Here are 8 practical steps to help you thread this needle:
1. Create clear, inclusive policies.
Spell out your expectations around nondiscrimination and anti-harassment—including protections based on gender identity and religious beliefs. Make sure your policies reflect current law and are communicated during onboarding, training, and in your employee handbook.
2. Take every request seriously.
Don't dismiss religious objections—or requests for respect around gender identity—as fringe issues. Even if you think the answer will be "no," give the process its due. The law requires it, and so does basic respect.
3. Engage in the interactive process.
Sit down with the employee. Ask open-ended questions. Clarify what exactly they are asking for and why. Don't assume bad intent. Don't assume malice. This is about understanding whether a reasonable accommodation exists.

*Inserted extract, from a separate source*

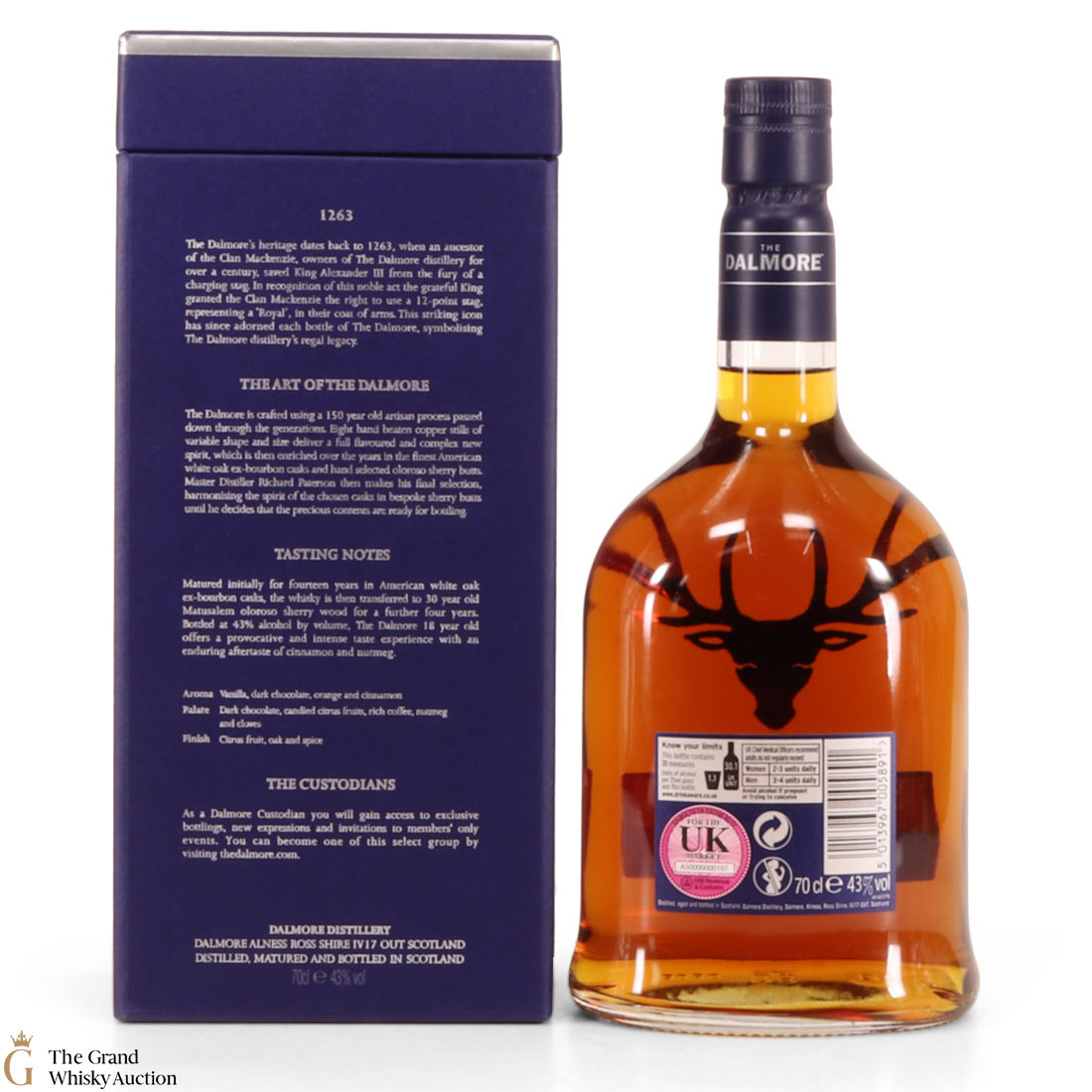 Due to the various ages of bottles and their seals, the condition of liquid is at the buyer's discretion and no claim can be lodged against failure/leakage in transit. Loss and breakage cover is available at 3% of the hammer price as standard. If the lot is not insured, no claim can be lodged against the courier or The Grand Whisky Auction for breakage or loss in transit.

4. Explore neutral workarounds.
Sometimes there's a solution that works for everyone—like using names only instead of pronouns. But the workaround must be neutral and applied consistently. If it ends up singling out or humiliating a transgender employee, it's not an accommodation—it's a problem.
5. Evaluate the impact on others.
Religious accommodations don't happen in a vacuum. If accommodating one employee results in another feeling harassed, stigmatized, or unsafe, you're likely looking at an undue hardship. Courts will back you up on that—especially post-Bostock and Groff.
6. Communicate clearly and respectfully.
Whatever you decide—grant, deny, modify—explain the "why." People may not like the outcome, but they'll understand it better if they feel heard and respected. And it gives you a paper trail, which never hurts.
7. Train your managers.
Most legal risk starts not in HR but in a conversation with a poorly trained supervisor. Make sure your managers understand how to recognize requests for accommodation, when to escalate, and how to stay neutral and supportive in the meantime.
8. Check in and adjust as needed.
Accommodations are living things. They may need to be re-evaluated as roles change, teams shift, or if the solution isn't working in practice. A five-minute follow-up can prevent a lawsuit.
The bottom line: These situations are tough. But tough isn't an excuse to do nothing. It's a reason to do better. Because in the workplace, rights do sometimes collide. The key is to treat both sides with humanity, empathy, and, yes, legal concern.